Советский Союз создавался как строго корпоративное государство, само гражданство в нем представлялось как знак лояльности начальству и его идеологии, как стартовая позиция к вступлению в КПСС, и кто открыто не принимал такой интерпретации, становился «отщепенцем», диссидентом. (Напомню, гражданства можно было и лишить за резкое отступление от государственного курса.)
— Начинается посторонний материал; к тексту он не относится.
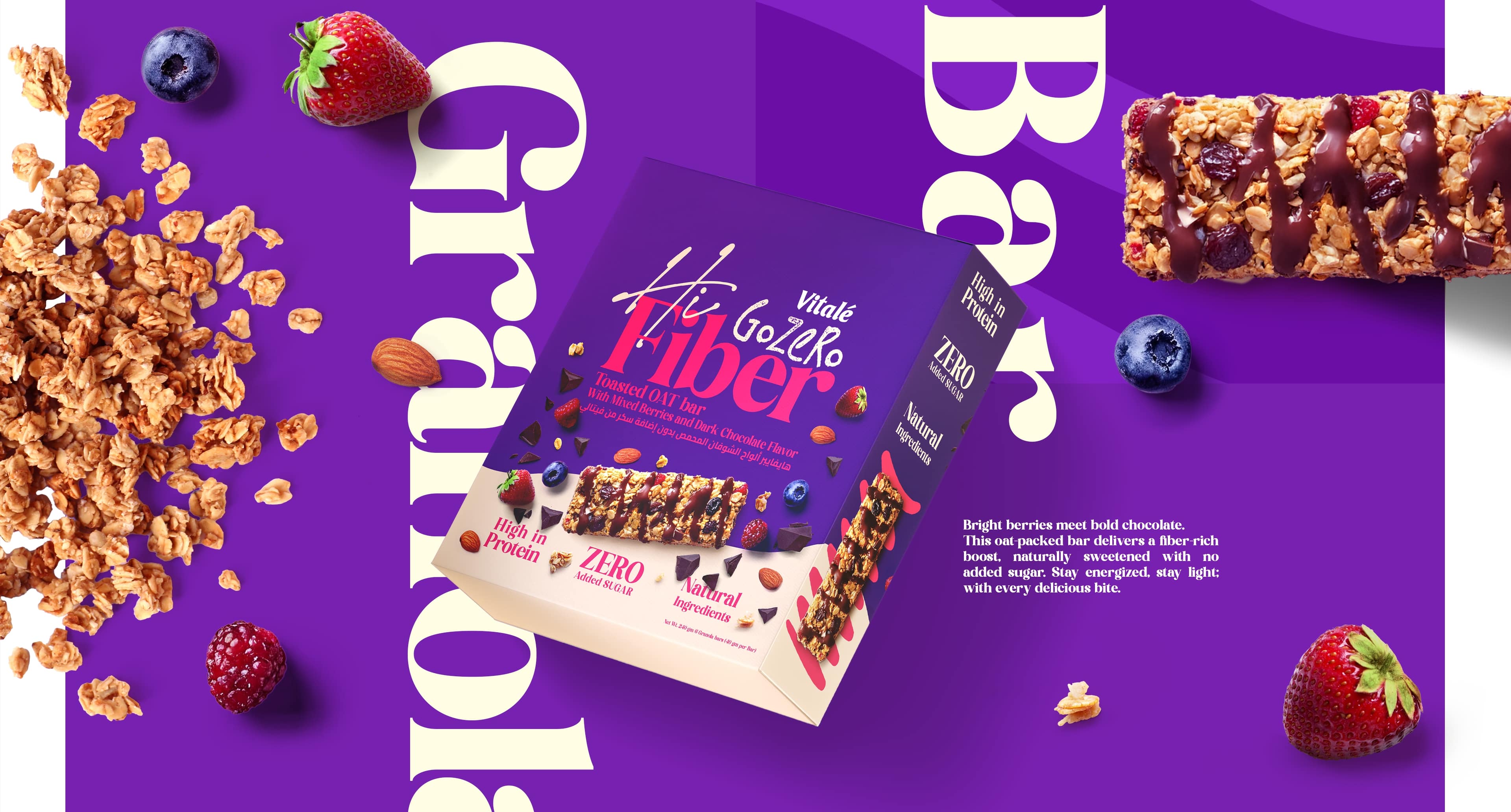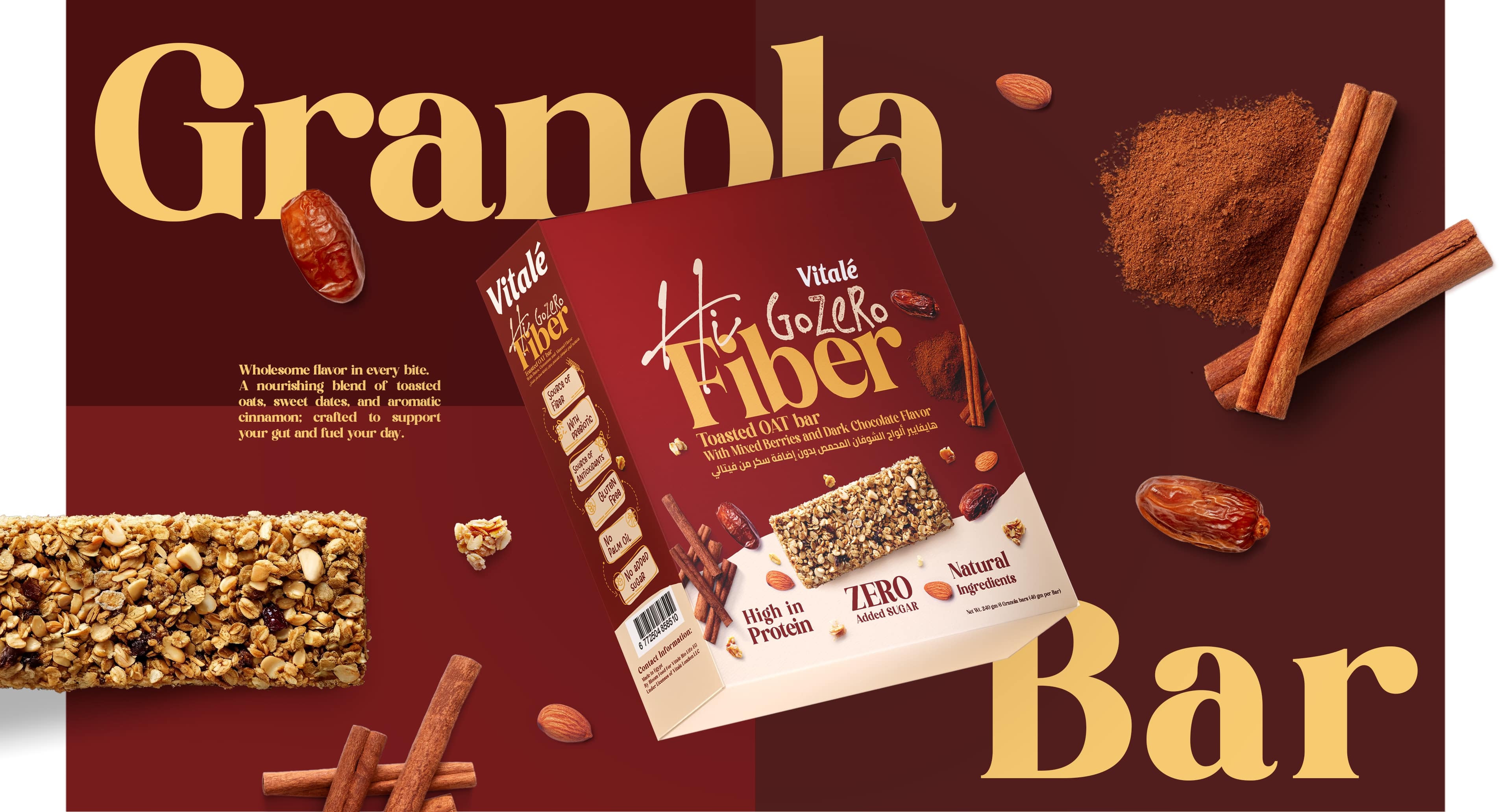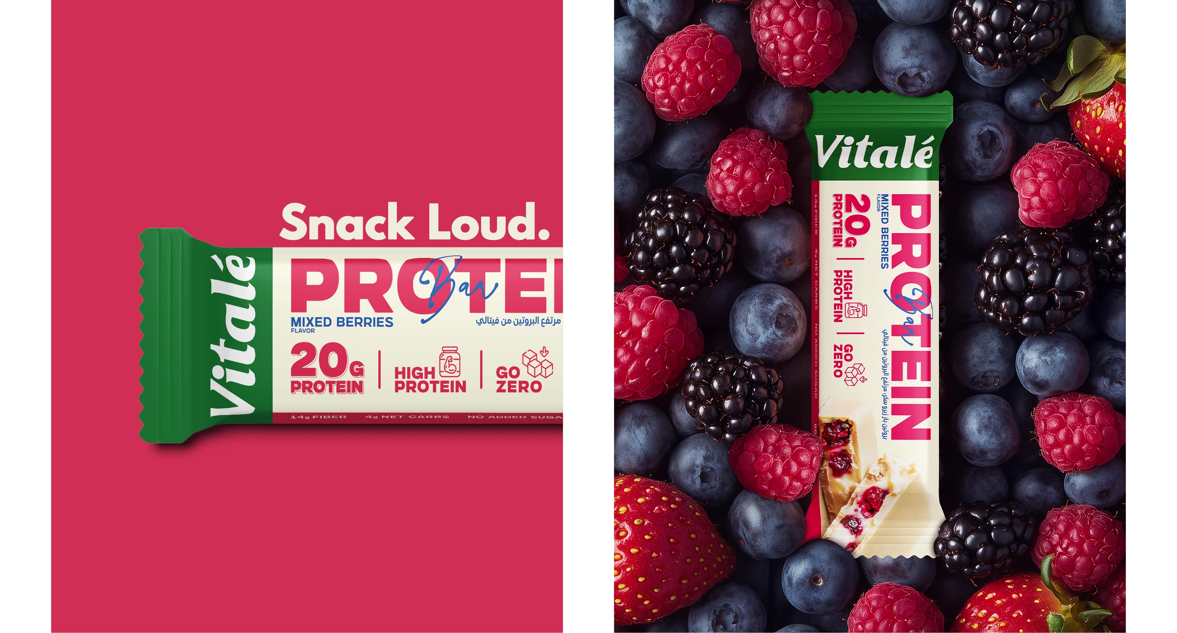 - Keywords: Food Packaging, Snack Branding, Protein Bar Packaging, Granola Bar Design, Wellness Branding, Nutrition Packaging, Healthy Snacks, Functional Food Design, Modern Packaging, Minimal Branding, Bold Color System, Typography Design, Icon System, Structured Layout, Lifestyle Branding, Visual Identity, Brand System, Premium FMCG, Clean Design, Packaging Photography, Matte Finish, Marklinica, Vitalé

Тот факт, что этого корпоративного государства не стало в 1989-91 г.г., объяснялся массовым скрытым присутствием в СССР «несоветских» элементов (элемент – в данном случае употребление корректного по смыслу слова и термина советского языка случайно совпадают). Это были — на уровне массового сознания — Прибалтика, Армения, часть Молдавии, значительная часть Украины, а в остальных частях СССР, включая Россию, это те люди, которые застали и запомнили реальность до октября 1917, внутренне не признали правоту советской власти (по крайней мере, сталинского периода) и с этим свидетельством случайно выжили в годы репрессий и в войну. Или близкое к ним первое послеоктябрьское поколение. А еще – эмиграция первой волны. На рубеже восьмидесятых–девяностых такие люди были все еще многочисленны и активны. Они молчали или не были слышны длинные советские десятилетия, но, когда появилась возможность, громко сказали достаточно правды, чтобы непривлекательная советская государственная ложь не устояла.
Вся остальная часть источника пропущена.